§ **THE PROBLEM**: A word-for-word copy of the lines from the one holding "boom welke bloeit voordat er bladeren komen" through the final line of the records below is the only output asked for.
───── GIVEN DATA ─────
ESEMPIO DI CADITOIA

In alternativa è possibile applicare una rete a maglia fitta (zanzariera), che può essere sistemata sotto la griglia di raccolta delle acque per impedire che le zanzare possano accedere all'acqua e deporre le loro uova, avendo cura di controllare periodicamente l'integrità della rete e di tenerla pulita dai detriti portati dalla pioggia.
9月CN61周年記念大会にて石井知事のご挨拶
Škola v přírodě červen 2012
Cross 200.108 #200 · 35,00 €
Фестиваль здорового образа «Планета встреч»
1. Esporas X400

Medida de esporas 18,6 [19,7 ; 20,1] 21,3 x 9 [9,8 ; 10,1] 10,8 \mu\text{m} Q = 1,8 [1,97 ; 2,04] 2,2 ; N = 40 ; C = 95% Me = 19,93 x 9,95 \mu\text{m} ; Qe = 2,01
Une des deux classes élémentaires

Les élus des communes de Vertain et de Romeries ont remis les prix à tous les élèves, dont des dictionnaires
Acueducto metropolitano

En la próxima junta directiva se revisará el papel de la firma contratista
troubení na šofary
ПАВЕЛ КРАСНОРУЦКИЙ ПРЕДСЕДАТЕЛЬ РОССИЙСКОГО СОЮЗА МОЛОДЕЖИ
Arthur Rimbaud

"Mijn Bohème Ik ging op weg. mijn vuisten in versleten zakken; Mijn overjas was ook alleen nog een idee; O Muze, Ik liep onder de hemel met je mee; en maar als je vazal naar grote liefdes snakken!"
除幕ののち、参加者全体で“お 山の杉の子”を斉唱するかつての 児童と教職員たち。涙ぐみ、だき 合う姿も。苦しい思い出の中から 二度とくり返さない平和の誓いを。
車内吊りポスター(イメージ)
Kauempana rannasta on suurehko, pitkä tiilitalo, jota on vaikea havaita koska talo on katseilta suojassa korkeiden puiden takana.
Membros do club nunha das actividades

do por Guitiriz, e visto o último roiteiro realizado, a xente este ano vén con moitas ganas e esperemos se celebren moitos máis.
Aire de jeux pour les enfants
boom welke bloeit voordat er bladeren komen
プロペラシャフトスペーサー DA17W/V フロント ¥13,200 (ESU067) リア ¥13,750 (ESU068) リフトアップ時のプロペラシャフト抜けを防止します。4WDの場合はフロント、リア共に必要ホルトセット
─────
§ **TASK RESULT**:
boom welke bloeit voordat er bladeren komen
プロペラシャフトスペーサー DA17W/V フロント ¥13,200 (ESU067) リア ¥13,750 (ESU068) リフトアップ時のプロペラシャフト抜けを防止します。4WDの場合はフロント、リア共に必要ホルトセット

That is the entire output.